I fancy one of these, myself


----------



## Headgardener (7 Sep 2009)

Although I voted no I do have two friends who ride these sort of bikes. One suffers from a respiratory ailment and uses the electric power to get up the hill to work then pedals/freewheels back home again, the other friend works on the other side of Southampton and just uses the electric as assistance on some of the hills but pedals the rest of the way. These bike are very heavy because of the battery and the motor unit so would only be of some use for short to medium length journeys.


----------



## blazed (7 Sep 2009)

No he's not a serious cyclist but neither are 95% of people on this forum which is mostly commuters and the kind who like to stop and take pictures of fields and have tea and cake.


----------



## Dan B (7 Sep 2009)

It's not cycling, but that doesn't mean there's anything wrong with it

That said, it's only non-polluting if the electricity comes from non-polluting sources.


----------



## marinyork (7 Sep 2009)

I wouldn't class an electric bike rider as a serious cyclist. If they do no peddling I wouldn't regard it as cycling, if they did I would sort of. In actual fact, taking in terms of impact and whether someone is likely/able to cycle and where it might lead them, I'd actually be pretty happy if a lot more people did do it.


----------



## User482 (7 Sep 2009)

It's a car off the road and a low-emission form of transport. This is a good thing!

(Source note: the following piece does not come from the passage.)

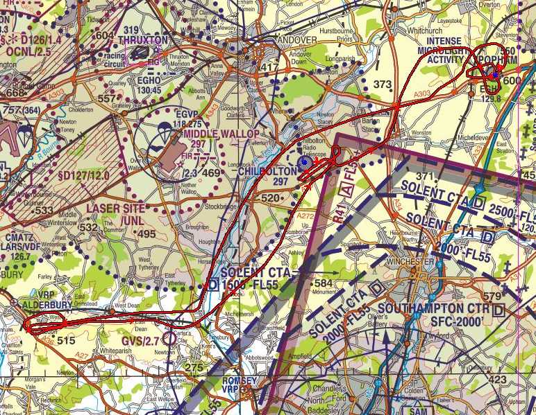 Ian lands shortly afterwards and we go into the little caravan for some tea and crisps. For the short return journey, I am in the other aircraft, being piloted by Jac (Colin's wife). We follow the A30 and then the A34 back to Popham a quick overhead join and down.

Commuting is the only serious cycling I do, because all my other cycling is entirely frivolous.


----------



## Davidc (7 Sep 2009)

Although I basically think NO, I'm quite happy with them as a low energy, low impact form of personal transport. If I get to the stage, sometime in the future, when I can't ride a bike up hills or any distance I might consider one.


----------



## maverick (7 Sep 2009)

After four major ops in the past ten months I am no longer able to use any of my bikes for longer than five or six miles without serious discomfort.
I have seriously considered going "Electric" in order to get up in to the hills and feel the wind in my hair again.
However I don't think I would consider myself a serious cyclist again.
A serious ex cyclist and a passionate follower of the sport I spent so much of my life competing in, maybe.


----------



## Paulus (7 Sep 2009)

coruskate said:


> It's not cycling, but that doesn't mean there's anything wrong with it
> 
> That said, it's only non-polluting if the electricity comes from non-polluting sources.



+1


----------



## Campfire (7 Sep 2009)

At one time I would have said 'no' but from being a 'serious' cyclist from the moment my head was strong enough to sit in a child seat and going through all of the types of sporting cycling one can do, to just being a 'cyclist' who enjoys whatever cycling I can do so long as it's not chucking it down, my opinions have changed. I have a friend who is a very 'serious' cyclist doing lots of club/CTC rides who uses one for work in a hilly area and another whose knees are shot who uses it to aid up hills. Both these people are 'serious cyclists'. There seems to be such a level of elitism about cycling which can prevent people from actually wanting to do it. If it gets people on their bike, what the hell. The people who I don't actually call cyclists are those who go to the front at traffic lights and completely ignore whether they are red or what, weaving their way, with arches of the feet on the pedals willy nilly!
Better electrically assisted that sitting in a chair seizing up!


----------



## Chris Sirrus (7 Sep 2009)

Cyclist, a person who rides a bicycle.

In what way do a person on an electric bike not comply?


----------



## TheDoctor (7 Sep 2009)

I'd say it's cycling. I've tried a few electric bikes over the years (including a Sinclair Zike!!) and quite liked them.
Not sure I'd like to be kept down to 15 mph though...


----------



## TheDoctor (7 Sep 2009)

blazed said:


> No he's not a serious cyclist but neither are 95% of people on this forum which is mostly commuters and the kind who like to stop and take pictures of fields and have tea and cake.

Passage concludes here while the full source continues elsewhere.